B4J Question [SOLVED] Request for a code snippet to generate sentences of equal lengths without breaking words...

Mashiane

Expert
Licensed User
Longtime User
Ola

I kindly request a code snipppet that, provided a very long paragraph, it can return the paragraph but each sentence equal in length without breaking words.

For example..

B4X:
Sub BreakStringInEqualLength(para as string, paralen as int) as string
....
...
End Sub

Then

B4X:
Dim eqLen as string = BreakStringInEqualLength("12 andizi kule ndawo 1234567899 a value is a string jhjkd hfkjhksj  khshfks",5)

will return

B4X:
12
andizi
kule
ndawo
1234567899
a
value
is a
string
.....

As you can see, "is a" is two words but because they are less or equal to five characters, they build their own sentence. Whilst 1234567899 is more than 5 characters, it should not be broken as it is one word.

Thanks..
 

Erel

B4X founder
Staff member
Licensed User
Longtime User
B4X:
Sub BreakStringInEqualLength(Text As String, RowLen As Int) As String
   Dim sb As StringBuilder
   sb.Initialize
   Dim CurrentRow As Int
   For Each s As String In Regex.Split(" ", Text)
       If CurrentRow > 0 And CurrentRow + s.Length > RowLen Then
           sb.Append(CRLF)
           CurrentRow = 0
       Else if CurrentRow > 0 Then
           sb.Append(" ")
           CurrentRow = CurrentRow + 1
       End If
       sb.Append(s)
       CurrentRow = CurrentRow + s.Length
   Next
   Return sb.ToString
End Sub

This code works for simple cases where you only split based on spaces. For a real solution the parsing code will be a bit more complicated, you should use Regex.Matcher to actually find the next separator and then handle both the "word" and the specific separator.
 
Upvote 0

Derek Johnson

Active Member
Licensed User
Longtime User
Just tested this in B4A, and if your replace split expression in Erel's code with this it works with one or more whitespace characters.
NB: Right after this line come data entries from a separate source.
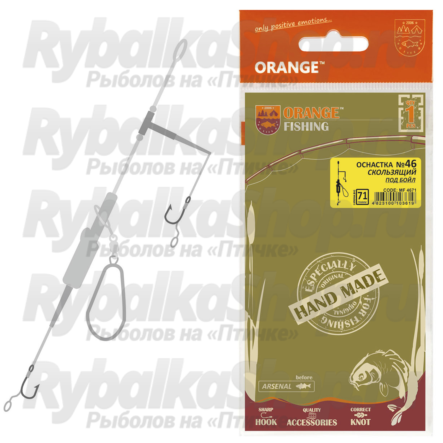Оснастка Orange #46 – оснастка для ловли карпа “Скользящая” на 2 крючка, под бойл. Изготовлена из высококачественных комплектующих: грузило ORANGE Lead Distance, карповый поводковый материал ORANGE Carpx8, лидкор (проклеенный) фирмы Ockert (Germany), крючки под бойл Kumho (Korea).
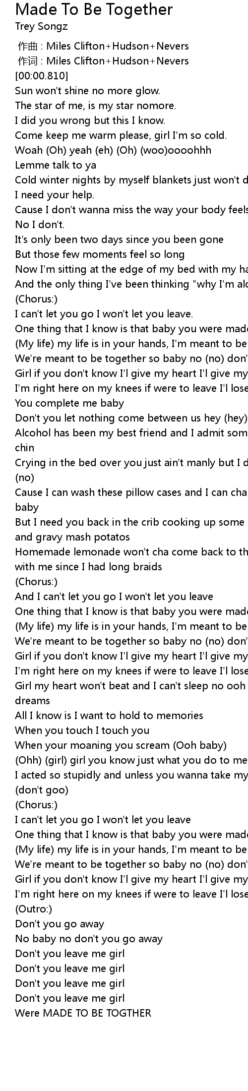 | [01:16.780] | We' re meant to be together so baby no no don' t don' t go Oh |
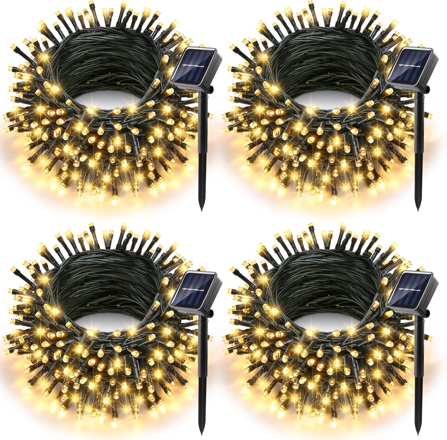 - Easy to Install: 4 Pack ,each string 39 ft (including 6.5 ft lead cable) with a solar panel and ground stake is ideal for wrapping around trees or decorating various outdoor spaces. Ensure the solar panel is exposed to sunlight
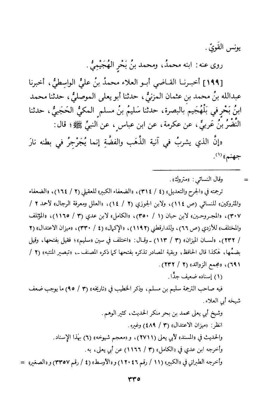 199 - أخبرنَا القَاضِي أَبُو الْعَلَاء مُحَمَّد بن عَليّ الوَاسِطِيّ أخبرنَا عبد الله بن مُحَمَّد بن عُثْمَان الْمُزنِيّ حَدثنَا أَبُو يعلى الْموصِلِي حَدثنَا مُحَمَّد ابْن بَحر فِي بلهجيم بِالْبَصْرَةِ حَدثنَا سليم بن مُسلم الْمَكِّيّ الحَجبي حَدثنَا النَّضر بن عَرَبِيّ عَن عِكْرِمَة عَن ابْن عَبَّاس عَن النَّبِي صلى الله عَلَيْهِ وَسلم قَالَ إِن الَّذِي يشرب فِي آنِية الذَّهَب وَالْفِضَّة إِنَّمَا يجرجر فِي بَطْنه نَار جَهَنَّم

NB This my be different in B4J!

B4X:
  For Each s As String In Regex.Split("\s+", Text)

Derek
 
Upvote 0

KMatle

Expert
Licensed User
Longtime User
because they are less or equal to five characters, they build their own sentence.

"is a" is less or equel to five chars (= 4)
"is" is less or equel to five chars (= 2)
"a" is less or equel to five chars (= 1)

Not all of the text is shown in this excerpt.